Provided data:
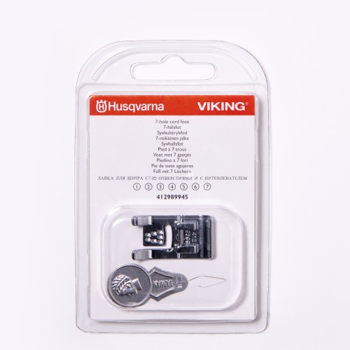 Voor machines uit categorie 9 is er een voet met 11 gaatjes met draadinsteker leverbaar (geschikt voor steken van 9 mm breed en het IDF systeem): Artikelnummer 920621096.
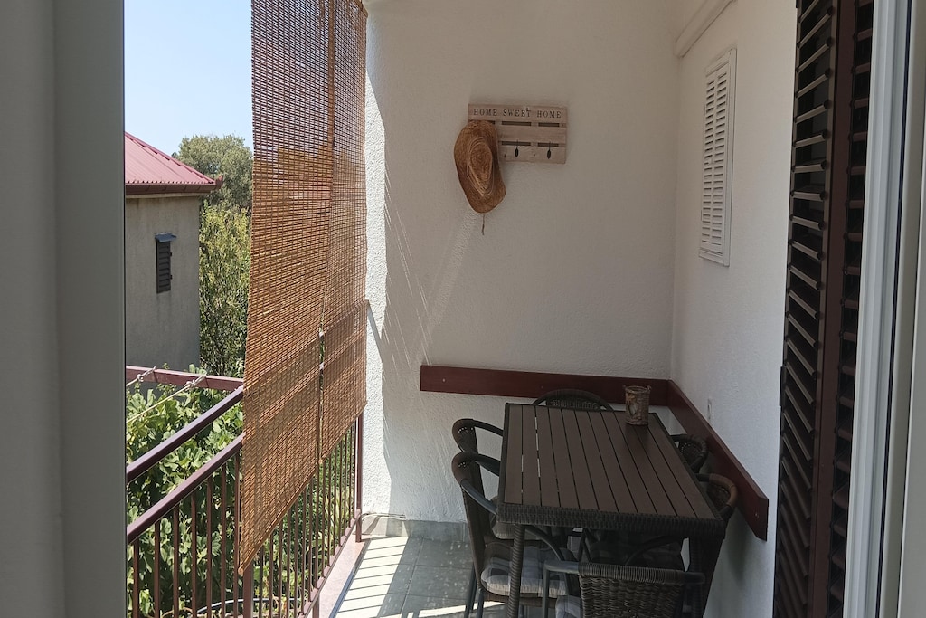 In eerste instantie had ik niet begrepen dat ons appartement zich bevond boven dat van de eigenaren, die de woning permanent bewonen. Daar kwam ik achter na het lezen van een andere recensie. Ik dacht als dat maar niet betekent dat we verplicht contact met ze zouden moeten hebben. Je gaat immers op vakantie om even weg te zijn van alle verplichtingen. Mijn zorgen bleken ongegrond. Bij aankomst werden we hartelijk ontvangen door het wat oudere echtpaar, die overigens geen Engels of Duits spreken. Met hun dochter en haar man daarentegen was het prima en vermakelijk converseren. Ons werd een zelfgebrouwen Kroatisch drankje aangeboden. De woning is op de eerste verdieping, voor ons drieën lekker ruim. Verwacht geen luxe alles is er, inclusief airco en koelkast, maar basic en functioneel. Een aantal aandachtspunten een conventioneel koffiezetapparaat en waterkoker zijn niet aanwezig. Men zet koffie en kookt water met behulp van een steelkannetje. De douche is even wennen daar de douchekop niet ideaal geplaatst kan worden in de houder. En de kalkmuur in één van de slaapkamers geeft af. Het balkon is heerlijk om tot in de late uurtjes te zitten. De villa bevindt zich in een doodlopend, rustig straatje Put Vitrenika. Let op dit straatje was ten tijde van ons verblijf niet op Google Maps/ Tomtom te vinden, maar een behulpzame medewerker van het plaatselijke VVV hielp ons verder. De tuin is dus ook niet van de huurder, tenzij je het prima vindt om deze te delen met de eigenaars, want je mag daar wel gebruik van maken. Tijdens ons verblijf werden we door de eigenaren nog verrast met zelfgemaakte koekjes, hebben we mee mogen lunchen aan een volle tafel en kregen we bij afscheid nog kadootjes mee. Erg attent! Het strand is op loopafstand hemelsbreed misschien 300m maar volg je de kortste route toch wel 600m lopen. Het dorpje en het strand kennen geen massatoerisme, wa't wij erg fijn vonden.
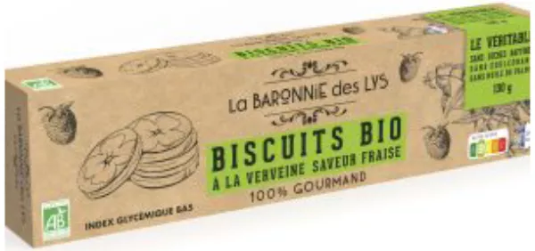 Farina di frumento*; sciroppo di agave*; Olio di Colza*; Burro*; verbena* 1%; uova intere in polvere*; Latte scremato in polvere*; lieviti in polvere: carbonati di ammonio, aroma naturale di fragola* 0,75%; sale marino

Problem requirements:
Return the material verbatim; the images are not to appear in the copy.

Written answer:
 Voor machines uit categorie 9 is er een voet met 11 gaatjes met draadinsteker leverbaar (geschikt voor steken van 9 mm breed en het IDF systeem): Artikelnummer 920621096.
 In eerste instantie had ik niet begrepen dat ons appartement zich bevond boven dat van de eigenaren, die de woning permanent bewonen. Daar kwam ik achter na het lezen van een andere recensie. Ik dacht als dat maar niet betekent dat we verplicht contact met ze zouden moeten hebben. Je gaat immers op vakantie om even weg te zijn van alle verplichtingen. Mijn zorgen bleken ongegrond. Bij aankomst werden we hartelijk ontvangen door het wat oudere echtpaar, die overigens geen Engels of Duits spreken. Met hun dochter en haar man daarentegen was het prima en vermakelijk converseren. Ons werd een zelfgebrouwen Kroatisch drankje aangeboden. De woning is op de eerste verdieping, voor ons drieën lekker ruim. Verwacht geen luxe alles is er, inclusief airco en koelkast, maar basic en functioneel. Een aantal aandachtspunten een conventioneel koffiezetapparaat en waterkoker zijn niet aanwezig. Men zet koffie en kookt water met behulp van een steelkannetje. De douche is even wennen daar de douchekop niet ideaal geplaatst kan worden in de houder. En de kalkmuur in één van de slaapkamers geeft af. Het balkon is heerlijk om tot in de late uurtjes te zitten. De villa bevindt zich in een doodlopend, rustig straatje Put Vitrenika. Let op dit straatje was ten tijde van ons verblijf niet op Google Maps/ Tomtom te vinden, maar een behulpzame medewerker van het plaatselijke VVV hielp ons verder. De tuin is dus ook niet van de huurder, tenzij je het prima vindt om deze te delen met de eigenaars, want je mag daar wel gebruik van maken. Tijdens ons verblijf werden we door de eigenaren nog verrast met zelfgemaakte koekjes, hebben we mee mogen lunchen aan een volle tafel en kregen we bij afscheid nog kadootjes mee. Erg attent! Het strand is op loopafstand hemelsbreed misschien 300m maar volg je de kortste route toch wel 600m lopen. Het dorpje en het strand kennen geen massatoerisme, wa't wij erg fijn vonden.
 Farina di frumento*; sciroppo di agave*; Olio di Colza*; Burro*; verbena* 1%; uova intere in polvere*; Latte scremato in polvere*; lieviti in polvere: carbonati di ammonio, aroma naturale di fragola* 0,75%; sale marino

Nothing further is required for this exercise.